Exercise objective:
Your answer should be one number: the count of lines in the data below that include "over".

Records shown:
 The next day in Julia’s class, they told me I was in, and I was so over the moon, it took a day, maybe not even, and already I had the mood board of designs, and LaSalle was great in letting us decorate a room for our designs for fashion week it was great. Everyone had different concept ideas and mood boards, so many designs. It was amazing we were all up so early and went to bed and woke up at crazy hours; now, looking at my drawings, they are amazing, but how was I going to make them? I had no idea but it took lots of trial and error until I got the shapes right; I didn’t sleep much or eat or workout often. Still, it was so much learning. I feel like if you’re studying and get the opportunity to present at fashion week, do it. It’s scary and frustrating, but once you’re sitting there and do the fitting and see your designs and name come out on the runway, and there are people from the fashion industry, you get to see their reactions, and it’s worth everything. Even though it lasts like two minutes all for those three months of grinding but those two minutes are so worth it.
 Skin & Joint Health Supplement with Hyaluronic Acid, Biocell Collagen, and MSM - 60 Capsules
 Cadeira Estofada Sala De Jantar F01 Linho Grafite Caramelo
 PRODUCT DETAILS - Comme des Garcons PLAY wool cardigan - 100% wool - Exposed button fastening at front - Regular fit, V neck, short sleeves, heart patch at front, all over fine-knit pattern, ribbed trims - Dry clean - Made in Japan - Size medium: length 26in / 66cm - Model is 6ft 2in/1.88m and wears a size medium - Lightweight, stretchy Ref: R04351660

...

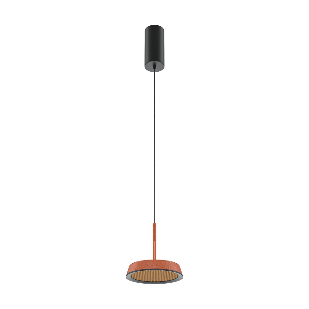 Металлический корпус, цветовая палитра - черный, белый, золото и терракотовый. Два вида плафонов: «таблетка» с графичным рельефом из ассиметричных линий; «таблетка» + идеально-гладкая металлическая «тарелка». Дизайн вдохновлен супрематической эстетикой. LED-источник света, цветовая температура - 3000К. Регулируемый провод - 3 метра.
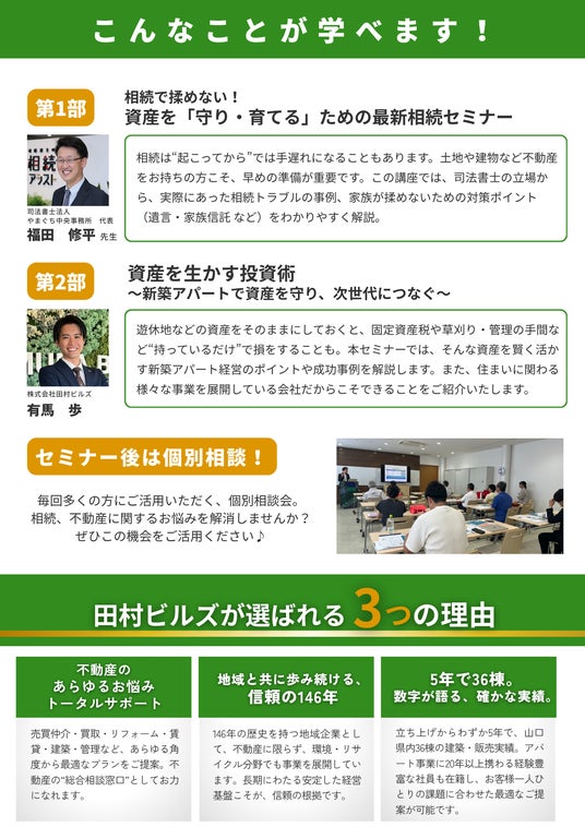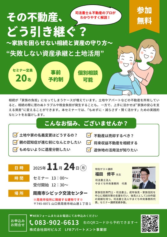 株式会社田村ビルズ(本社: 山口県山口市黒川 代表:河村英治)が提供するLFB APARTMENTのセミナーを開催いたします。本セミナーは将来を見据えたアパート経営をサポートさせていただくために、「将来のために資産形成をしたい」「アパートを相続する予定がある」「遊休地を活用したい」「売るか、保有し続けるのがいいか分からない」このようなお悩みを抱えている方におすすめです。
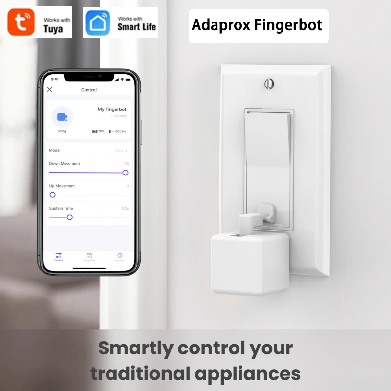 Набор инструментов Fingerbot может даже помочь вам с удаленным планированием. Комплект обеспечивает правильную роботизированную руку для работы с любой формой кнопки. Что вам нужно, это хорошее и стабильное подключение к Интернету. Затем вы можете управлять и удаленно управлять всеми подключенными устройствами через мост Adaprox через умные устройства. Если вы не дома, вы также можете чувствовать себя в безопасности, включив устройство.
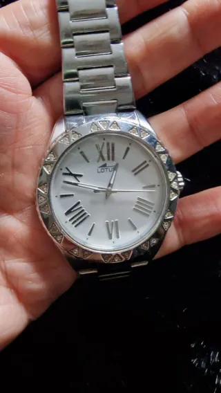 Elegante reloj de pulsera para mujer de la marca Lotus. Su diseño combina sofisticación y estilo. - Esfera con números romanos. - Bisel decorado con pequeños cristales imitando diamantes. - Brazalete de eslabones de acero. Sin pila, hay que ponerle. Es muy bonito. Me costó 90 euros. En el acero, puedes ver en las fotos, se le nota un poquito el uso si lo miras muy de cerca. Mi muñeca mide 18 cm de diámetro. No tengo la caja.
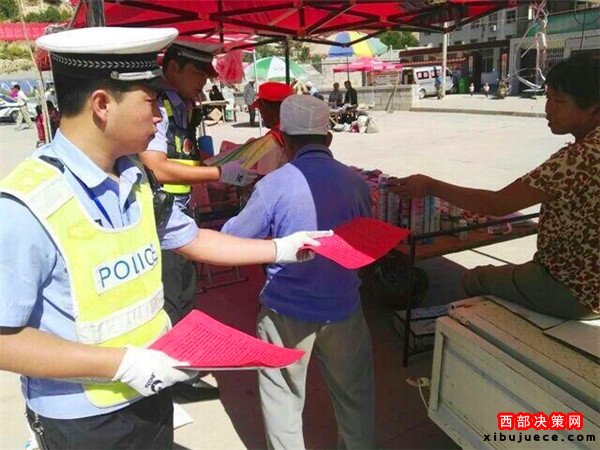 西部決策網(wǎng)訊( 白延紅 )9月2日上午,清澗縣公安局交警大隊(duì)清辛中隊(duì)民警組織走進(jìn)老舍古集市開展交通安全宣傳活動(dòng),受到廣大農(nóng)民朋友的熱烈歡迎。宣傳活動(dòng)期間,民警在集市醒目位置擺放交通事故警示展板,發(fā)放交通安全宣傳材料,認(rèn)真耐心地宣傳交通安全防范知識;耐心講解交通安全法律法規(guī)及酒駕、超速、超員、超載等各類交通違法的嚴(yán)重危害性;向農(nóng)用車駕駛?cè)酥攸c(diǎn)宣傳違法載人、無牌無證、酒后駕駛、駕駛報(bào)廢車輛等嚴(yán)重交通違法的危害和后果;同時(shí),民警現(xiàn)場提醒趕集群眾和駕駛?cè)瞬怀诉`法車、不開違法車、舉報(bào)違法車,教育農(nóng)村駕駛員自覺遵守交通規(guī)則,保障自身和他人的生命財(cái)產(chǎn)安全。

Reply:
2